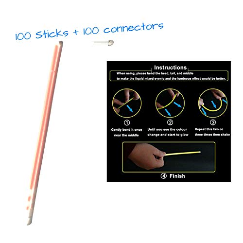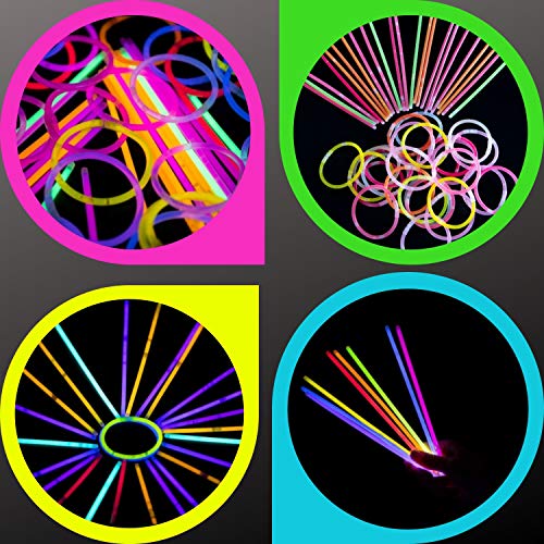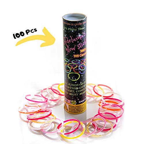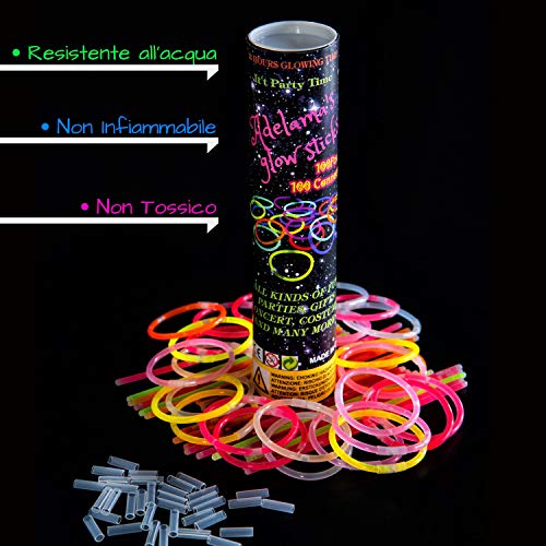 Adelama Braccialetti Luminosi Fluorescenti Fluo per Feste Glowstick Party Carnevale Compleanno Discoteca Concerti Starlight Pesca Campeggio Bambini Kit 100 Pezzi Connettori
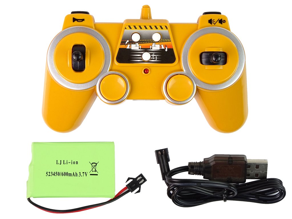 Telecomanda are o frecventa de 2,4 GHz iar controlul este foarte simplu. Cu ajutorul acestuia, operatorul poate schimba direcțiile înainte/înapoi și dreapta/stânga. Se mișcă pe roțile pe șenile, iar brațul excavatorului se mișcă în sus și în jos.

--------------------------------------------------

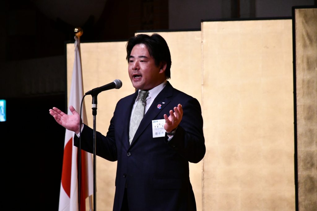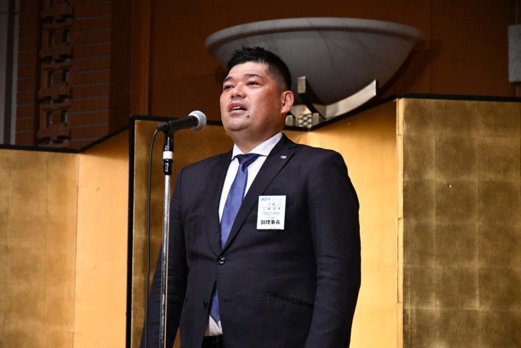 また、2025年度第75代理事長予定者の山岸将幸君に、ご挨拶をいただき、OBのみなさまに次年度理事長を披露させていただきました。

--------------------------------------------------

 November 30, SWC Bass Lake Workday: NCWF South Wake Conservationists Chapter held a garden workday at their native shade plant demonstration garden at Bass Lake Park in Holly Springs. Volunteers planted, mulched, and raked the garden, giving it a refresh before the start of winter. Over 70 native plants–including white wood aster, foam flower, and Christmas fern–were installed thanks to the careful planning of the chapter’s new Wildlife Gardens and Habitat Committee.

--------------------------------------------------

Among the entries above, take the line with "Adelama Braccialetti Luminosi", the line with "Telecomanda are o", and all the lines between them, and restate them word for word without pictures.

 Adelama Braccialetti Luminosi Fluorescenti Fluo per Feste Glowstick Party Carnevale Compleanno Discoteca Concerti Starlight Pesca Campeggio Bambini Kit 100 Pezzi Connettori
 Telecomanda are o frecventa de 2,4 GHz iar controlul este foarte simplu. Cu ajutorul acestuia, operatorul poate schimba direcțiile înainte/înapoi și dreapta/stânga. Se mișcă pe roțile pe șenile, iar brațul excavatorului se mișcă în sus și în jos.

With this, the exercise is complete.